Saat itu pula, Wahyu menjumpai ada beberapa wisatawan mancanegara penderita tuna rungu yang datang ke Bali. Mereka biasanya datang saat musim panas di Bali atau musim liburan (high season).

Karena wisatawan tuna rungu membutuhkan guide atau pemandu khusus, untuk berkomunikasi dengan bahasa isyarat tanpa mengeluarkan suara (tuli dan bisu), seperti pemandu wisata yang lainnya. Membuat wisatawan tuna rungu susah berkomunikasi dengan sopir atau guide normal, atau yang bisa mendengar dan berbicara).

“Maka dari itu saya punya ide atau gagasan untuk terjun langsung sebagai guide sekaligus sopir bagi para wisatawan tuna rungu saat datang ke Bali dengan membuat usaha pribadi yaitu Bali Deaf Guide,” lanjutnya.

Dalam berkomunikasi dengan wisatawan tuna rungu, ia pun memakai bahasa isyarat international dan bahasa isyarat Auslan (Australia).

Yang mana mereka kebanyakan wisatawan asing datang dari, Australia, Amerika, Afrika, Jerman, Swiss, Ireland, Malaysia, Singapore, Franch, Hongkong, Japan, serta paling banyak adalah dari Australia.

Saat bekerja Wahyu, dalam perjalanan menuju obyek wisata ia juga memberikan materi atau informasi tertulis beserta gambar pendukung terkait tempat wisata yang akan dituju. Sesampainya di lokasi wisata dirinya tetap menjelaskan ke wisatawan dengan bahasa isyarat. Tantangan yang harus diakuinya adalah terus belajar bahasa isyarat tiap-tiap negara, karena berbeda-beda dan punya ciri sendiri.
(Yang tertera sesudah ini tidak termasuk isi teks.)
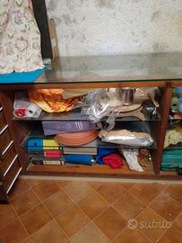 bancone da negozio con 5 cassetti ,il primo con chiusura a chiave ,tatto interamente da falegname ed usato per negozio di fiori ,ma possibile uso per altri negozi o laboratori,ecc.. lunghezza 3 metri per 80 di piano lavoro,alto97 cm ,con 6 piani 4 in vetro molto robusto come il piano lavoro. e due più bassi in legno ,no perditempo è un ottimo bancone fatto da artigiano e pagato 2000 euro nel 2010 se interessati contattatemi al numero di telefono 345/2184826 Daniele no perditempo per il prezzo ci accordiamo

“Contohnya Australia menggunakan bahasa isyarat dengan dua tangan sedangkan bahasa international menggunakan bahasa tubuh, tetapi dengan semua ini tidak membuat saya mundur saya ingin berusaha belajar dan belajar untuk mempelajari lagi dengan bahasa isyarat,” jelasnya.

Dari apa yang dilakukannya selama ini, mewakili penderita tuna rungu di Indonesia, Wahyu Cahyadi berharap mendalam bagi pemerintah, supaya lebih mempedulikan penderita tuna rungu di bidang lapangan pekerjaan. “Sekaligus pemerintah berkenan menjalin komunikasi yang baik dengan warga seperti kami ini,” pungkasnya.